Now these operators have nice properties on this kind of Lorentzian manifolds,

namely they can characterize a solution uniquely in terms of initial values on a given Cauchy surface,

and what we mainly use is the existence of green functions, so what is a green function?

So if we look at operators g from say the smooth functions with compact support to the smooth functions,

there is a property that p times g is equal to g times p is equal to the identity,

where I mean by identity the embedding of the smooth functions with compact support into the space of smooth functions.

So this is the general definition of a green function, we often use the description of green functions in terms of the integral kernel,

so we write g f of y in the form of an integral, here we take the volume element of our space time,

which is characterized in terms of the Lorentzian metric, and g, we use here the same symbol as tradition in physics,

so this is now, looks like a function of two variables, but is actually a distribution,

and so this is another way to write down the action of green functions.
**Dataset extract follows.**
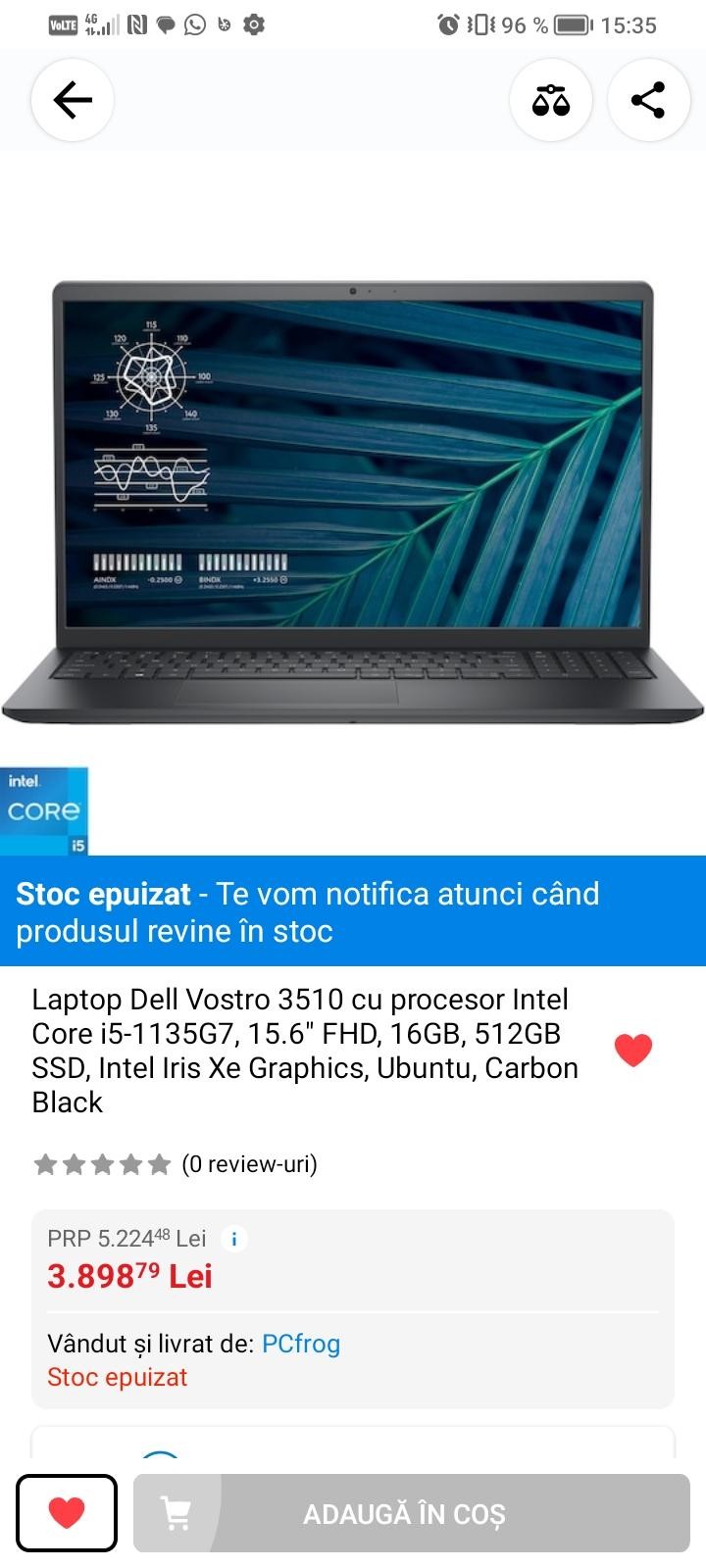 Vând Laptop Dell Vostro 3510 cu procesor Intel Core i5-1135G7, 15.6" FHD, 16GB, 512GB SSD, Intel Iris Xe Graphics, Ubuntu, Carbon Black în garanție. Îi asigur garanție pentru încă 2 ani în luna octombrie 2024. Pentru mai multe detalii va rog sa îmi scrieți în privat laptopul a fost cumpărat cu 4001 de lei
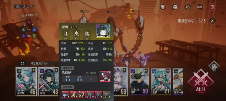 逆翎配置为三速单位,必须确保其行动顺序在BOSS右手行动之后,这样才能及时驱散BOSS获得的防御提升增益。

Now we have, there are many green functions on the Lorentzian manifolds,

because two green functions differ by a solution of this equation, and all solutions of the wave equations are in the kernel of the operator p,

and so we could add them to this operator g, and this would not change these relations.
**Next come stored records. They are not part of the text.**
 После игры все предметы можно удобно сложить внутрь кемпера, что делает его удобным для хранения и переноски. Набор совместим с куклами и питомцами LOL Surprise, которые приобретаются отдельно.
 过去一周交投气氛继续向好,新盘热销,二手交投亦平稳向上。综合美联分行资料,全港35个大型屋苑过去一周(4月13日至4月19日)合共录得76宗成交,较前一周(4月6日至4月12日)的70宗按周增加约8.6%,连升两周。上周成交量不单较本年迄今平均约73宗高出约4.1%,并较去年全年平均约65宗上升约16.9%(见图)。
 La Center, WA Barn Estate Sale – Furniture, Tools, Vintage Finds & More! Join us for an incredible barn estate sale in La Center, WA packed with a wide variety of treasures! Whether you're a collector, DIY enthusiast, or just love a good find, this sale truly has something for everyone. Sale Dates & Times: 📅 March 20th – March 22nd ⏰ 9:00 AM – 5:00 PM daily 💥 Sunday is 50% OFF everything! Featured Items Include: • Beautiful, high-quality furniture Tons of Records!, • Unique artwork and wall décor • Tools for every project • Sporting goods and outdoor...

Now there are two special green functions, which can be characterized in terms of the support properties, namely there is the retarded and the advance green function.

Now the retarded green function is defined by the support properties of this function g applied to f, f is a function with compact support,

and the support of the function g f should be contained in the future of the support of f, so the future is just defined,

J plus of some set R is a set of all x and m, such that x can be reached by a causal curve,

from the region R, and if necessary I take the closure here, so it should be a closed set.

So this is the condition on the retarded function, and in particular we assume that the support of f is compact,

so in the past this function f in the past of this support is of course zero, and then although the solution should be zero,

but since the initial value problem is well posed, you can have each Cauchy surface in the past, the support of f, you have initial value zero, so the solution would be zero.

So the retarded green function is unique, and the same holds for the advanced green function,

which I characterize by an index a, and that we have to replace future by past, everything else is the same.

So this is a very important and useful structure, there are of course a lot of other green functions, some of them will also play a role,

but in general there is no other uniquely fixed green function, so to fix other green functions one has to introduce some additional structure.

A particular green function which one needs in quantum field theory is the Feynman propagator,

but the Feynman propagator can be defined only if one has some notion of positive and negative frequencies, and this is not meaningful on a generic space time.

But these retarded and advanced propagators exist in every space time, moreover they have the nice feature that they depend only on the local geometry,

so if you have some sub region which in itself is globally hyperbolic and you compute in the sub region the retarded and the advanced solution,

you get exactly the restriction of these operators, just because of the uniqueness, otherwise there would be several possibilities.

So this is a structure which is canonically associated to the space time.

Now we have to look more carefully at the singularities of these integral kernels, so these are not functions, these are distributions,

and we have to understand the singularities of these green functions.

Now the method by which one can analyze this is the method of mycolocal analysis, and in particular we need the concept of a wave front set.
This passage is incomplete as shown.